Given data: Begin
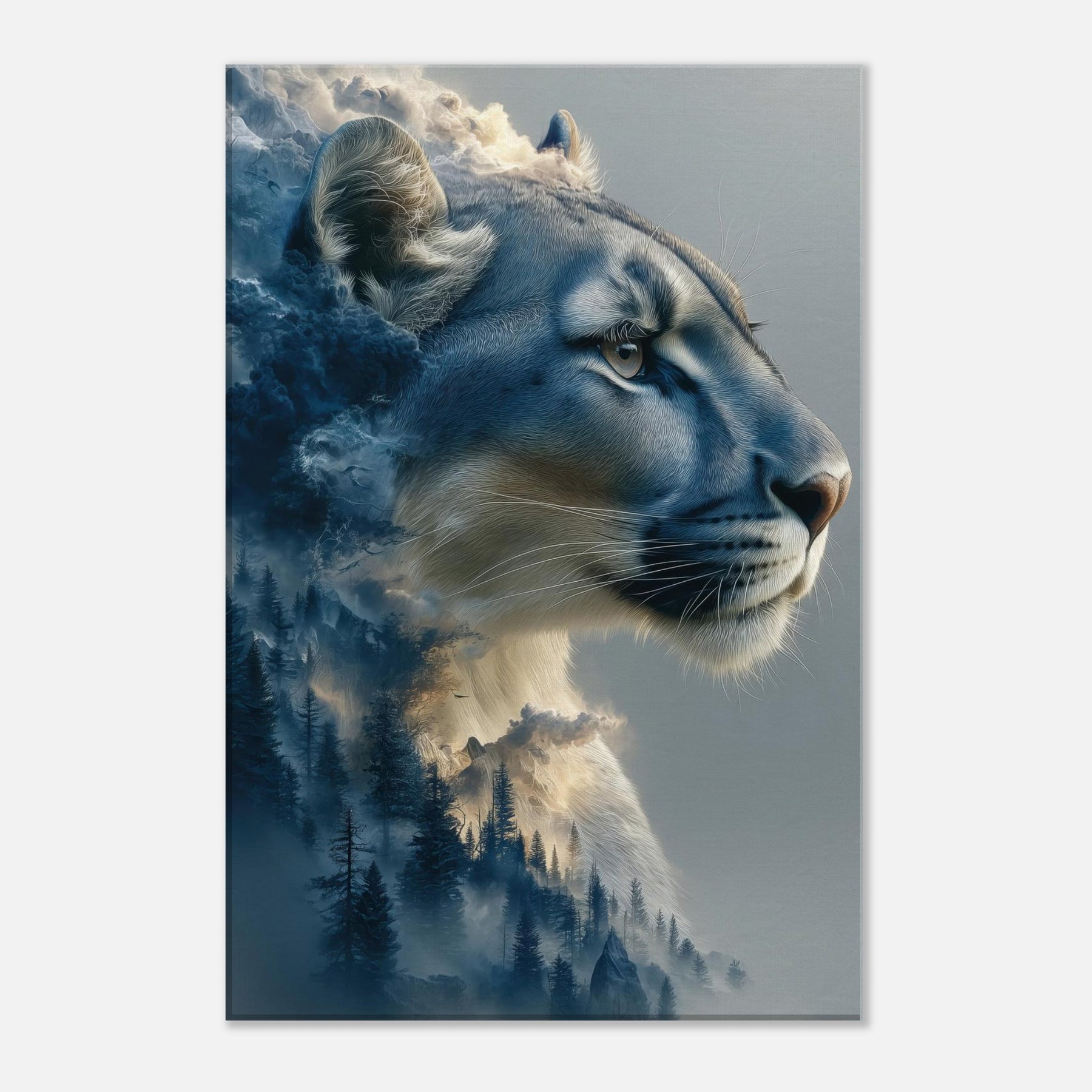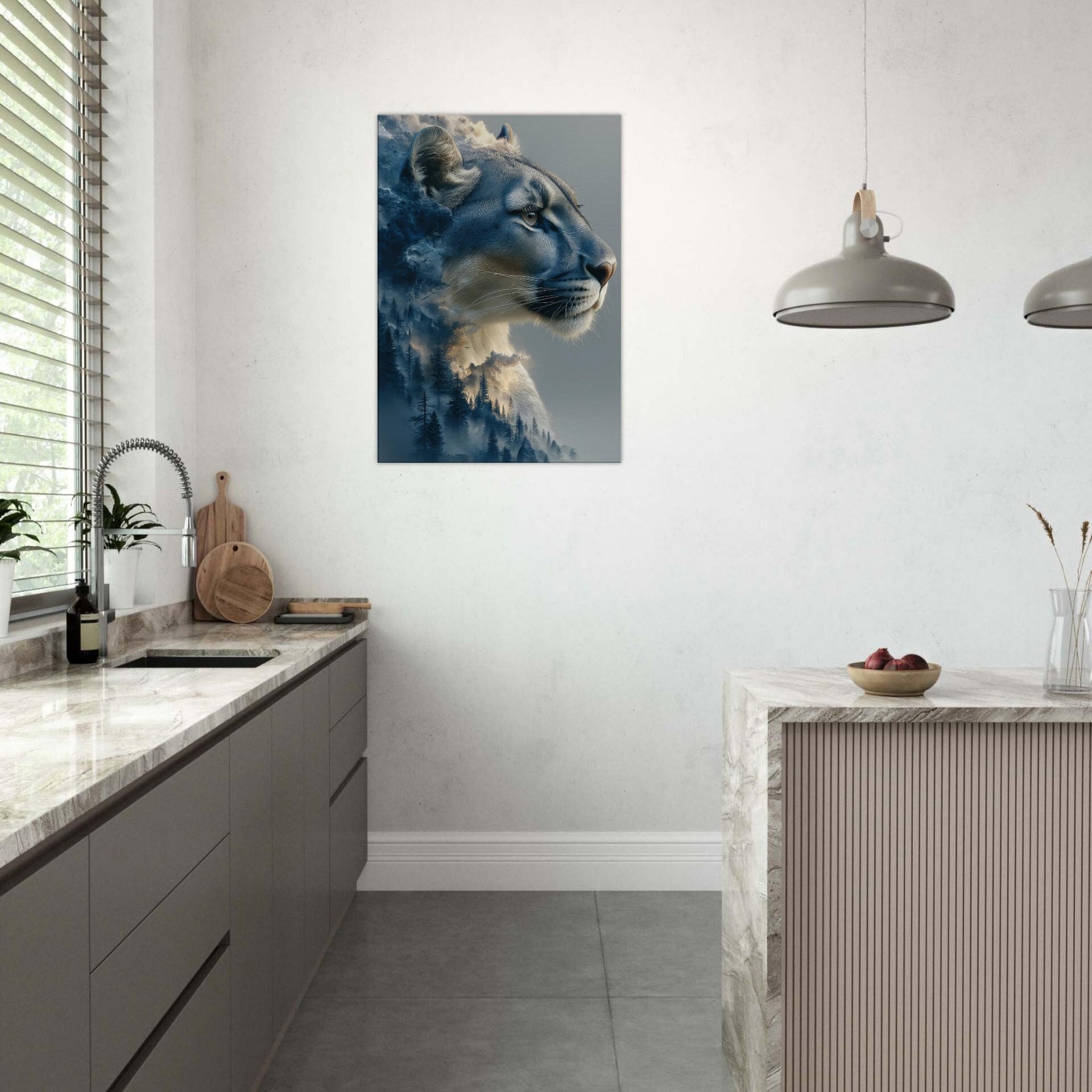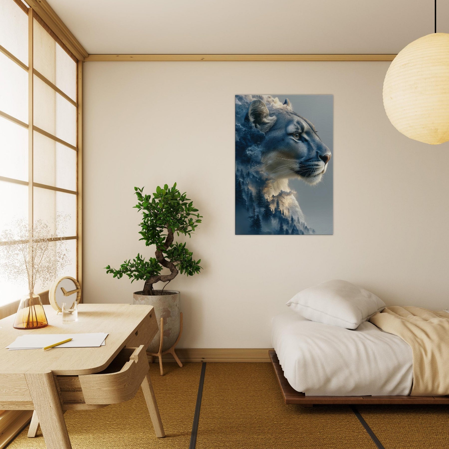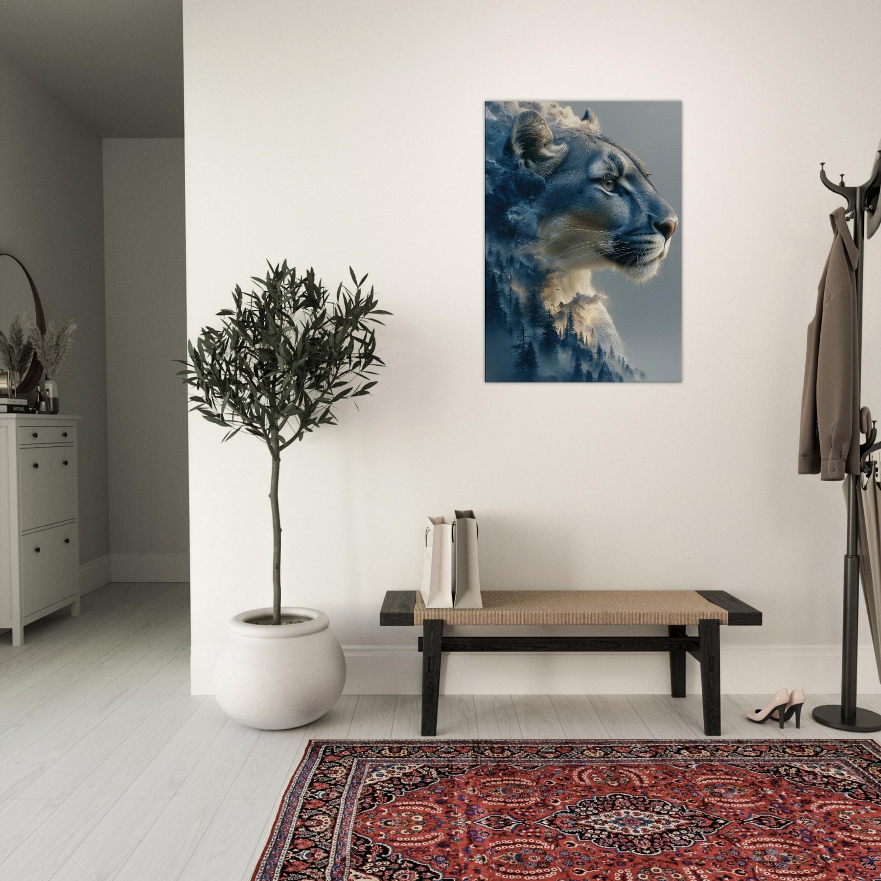 Within this surreal panorama, the Panther steps between mist and pines, its gaze both calm and electric. Clouds fold into fur, and a forest slopes into the curve of its profile, creating a space where animal instinct meets dream design. The cool blues, graphite shadows, and moonlit highlights invite a tranquil rhythm to a living room or study, turning walls into a window of quiet strength. This work invites curiosity, conversation, and a sense of expansive, nocturnal grace an ode to the Panther that feels both intimate and cinematic.
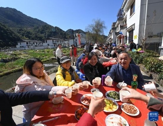 2月26日,游客們在蓮花鎮(zhèn)戴家新村的百家宴上品嘗特色美食。
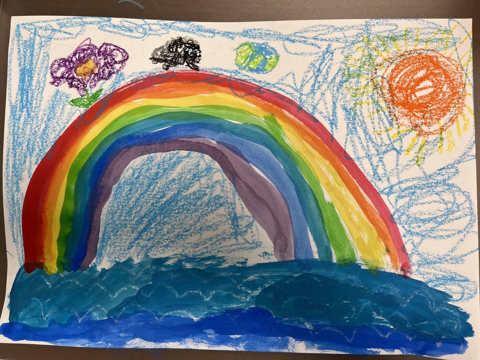 技術面でも、虹がしっかりと塗り分けられ、きれいなアーチをえがいています。腕を安定させて描くことができているんですね。
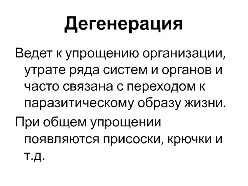 Дегенерация Ведет к упрощению организации, утрате ряда систем и органов и часто связана с переходом к паразитическому
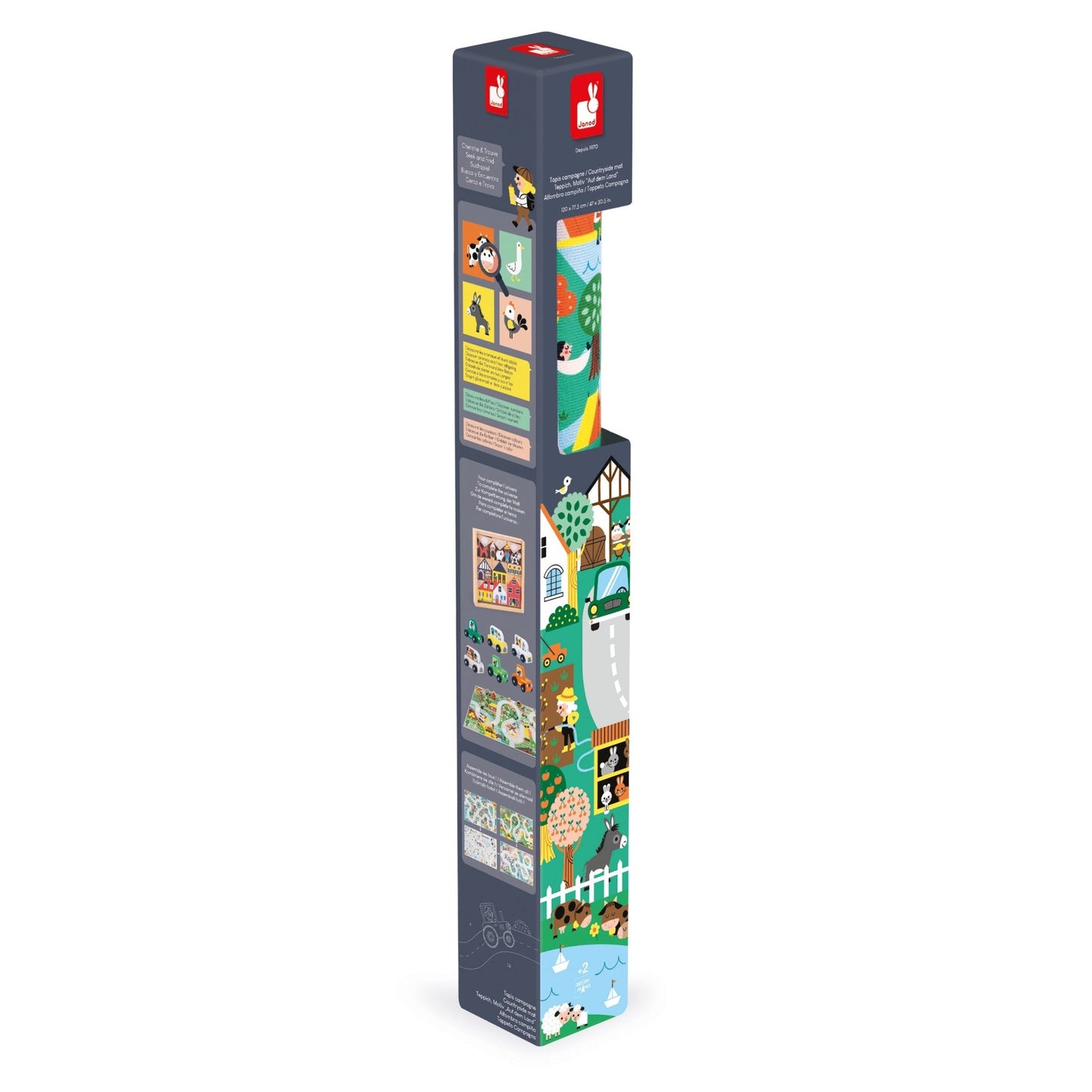 Ah, the countryside! In this bucolic, pastoral setting, we pass from the farm to the forest, and even through the equestrian centre! This countryside playmat is suitable for children aged 2 and over. It has a wide, long road, so you can take the key to the fields and imagine endless stories! On their play mat with circuit, little ones enjoy winding country roads in search of hidden elements, like a search and find game. They'll spot the wolf in the forest, the farmer in his tractor, and be amused by the little ducks crossing the river... There are so many buildings, animals and characters represented! We start by watering the vegetable garden, then head off to help the shepherd look after his sheep, before heading off to the riding school for a horse ride. With their fabric play mat, children develop their imagination and vocabulary, as well as their sense of observation. Little ones can even discover colours and numbers from 1 to 10! Another plus for this children's play mat: it's non-slip! Perfect for rolling toy cars on, or simply for little ones who like to keep moving. In its 120 x 78 cm format, this children's room mat offers further play possibilities with its accessories (sold separately): it can be completed with a range of vehicles and wooden blocks, also from our Cross Roads range. You can also link this farm mat with other mats in the collection, to create a giant play area and extend children's adventures. In fact, the circuits are designed to link up on all 4 sides of the mat. How about pitching the tent tonight?
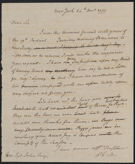 Letter from Peter Jay Munro to John Jay, December 29, 1799
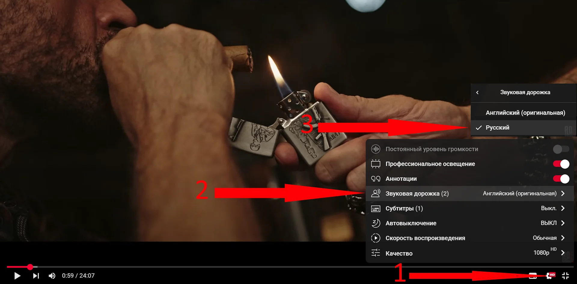 Фильм имеет два языка дубляжа. Чтобы переключить язык на Русский, смотрите скриншот ниже.
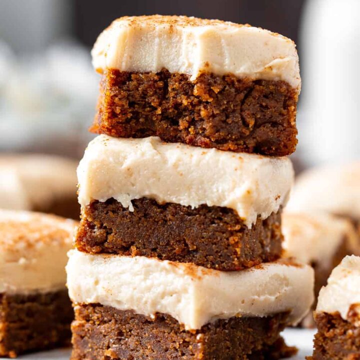 These Paleo Pumpkin Bars are a fun and healthy way to enjoy fall baking season! Soft fudgy pumpkin blondies flavored with lots of pumpkin pie spices are topped with a honey cream cheese frosting for the ultimate fall themed pumpkin bars!
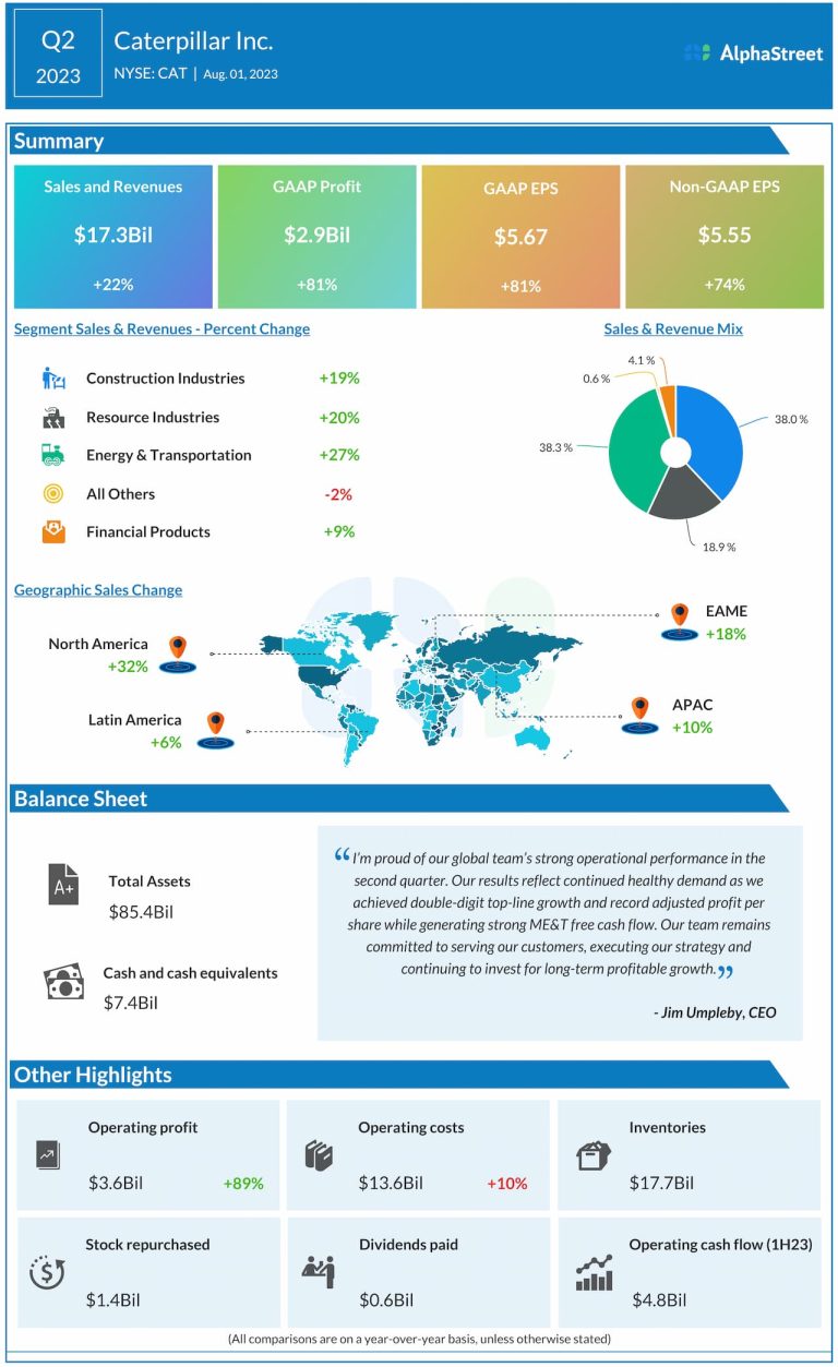 Caterpillar Inc. (NYSE: CAT) reported second quarter 2023 earnings results today. Total sales and revenues increased 22% year-over-year...
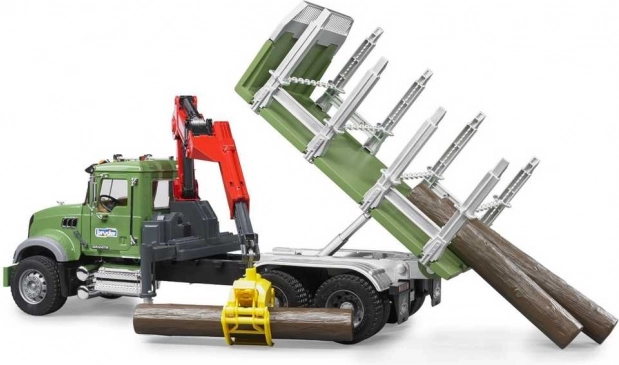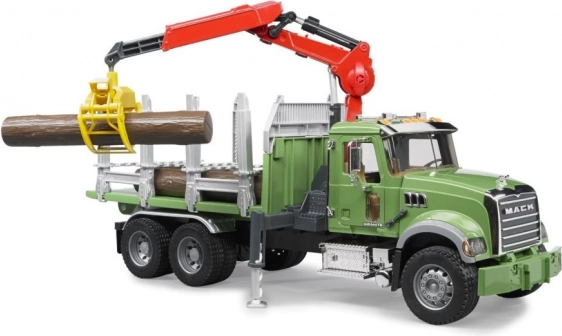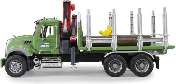 Het robuuste model van de BRUDER MACK GRANITE vrachtwagen is ideaal voor realistisch spel rond houtkap en -transport. De transparante voorruit van onbreekbaar polycarbonaat, de openende cabine en de motorkap met zicht op de motor geven het model een authentieke uitstraling. Voor stabiliteit tijdens het laden zorgen de uitschuifbare steunpoten, terwijl de draaibare kraan met grijper eenvoudig te bedienen is.
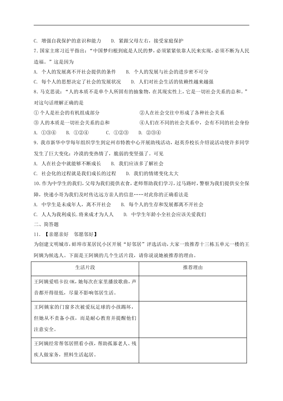 八年级道德与法治上册第一单元走进社会生活第一课丰富的社会生活第1框我与社会课时训练.doc_第2页
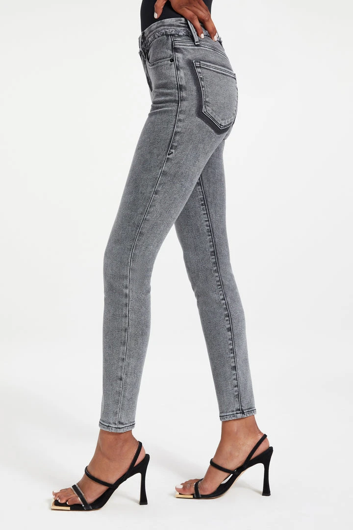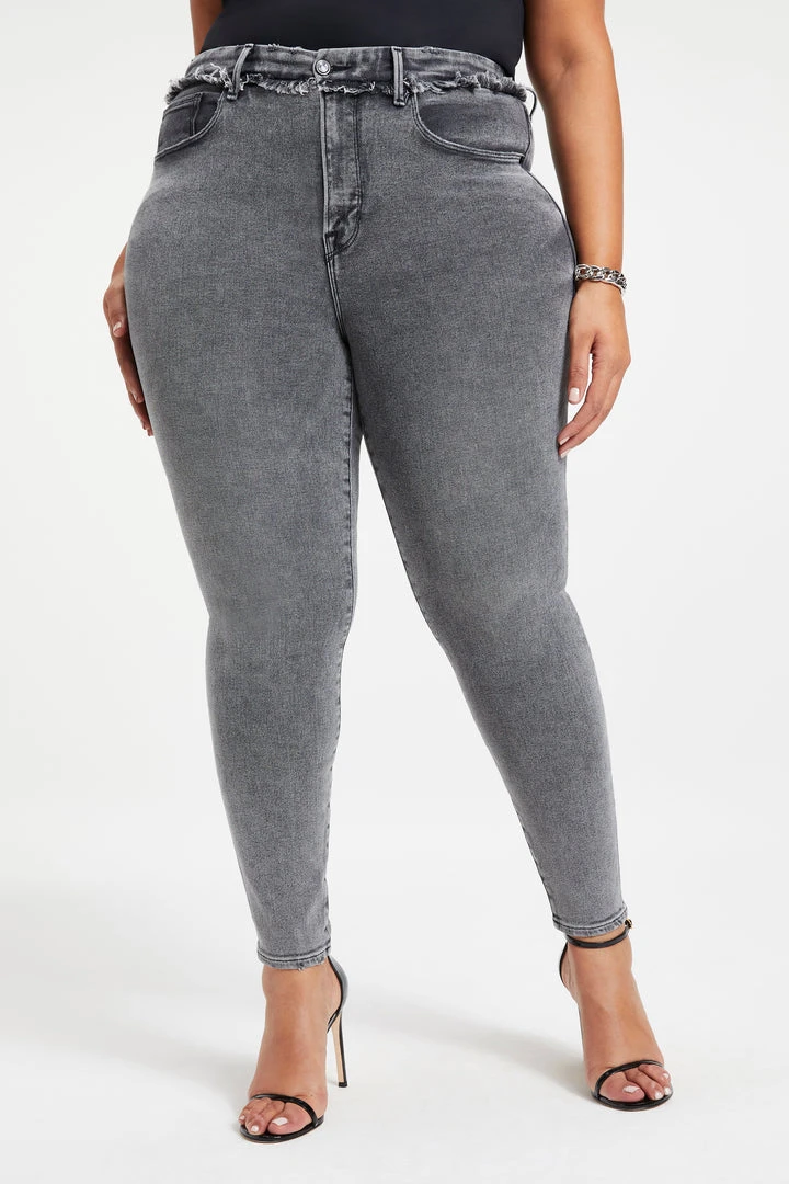 Our #1 best-selling high rise, skinny fit stretch jean in a classic dark blue wash. The Good Legs Shadow Pockets are made with a gap-proof contoured waistband and a high waist that’s sure to flatter every curve.
Given data: End
Copy exactly the lines from the first line of the records above through the line with "Дегенерация Ведет к", both included, and nothing else. Pictures stay out.

Answer for the task —
 Within this surreal panorama, the Panther steps between mist and pines, its gaze both calm and electric. Clouds fold into fur, and a forest slopes into the curve of its profile, creating a space where animal instinct meets dream design. The cool blues, graphite shadows, and moonlit highlights invite a tranquil rhythm to a living room or study, turning walls into a window of quiet strength. This work invites curiosity, conversation, and a sense of expansive, nocturnal grace an ode to the Panther that feels both intimate and cinematic.
 2月26日,游客們在蓮花鎮(zhèn)戴家新村的百家宴上品嘗特色美食。
 技術面でも、虹がしっかりと塗り分けられ、きれいなアーチをえがいています。腕を安定させて描くことができているんですね。
 Дегенерация Ведет к упрощению организации, утрате ряда систем и органов и часто связана с переходом к паразитическому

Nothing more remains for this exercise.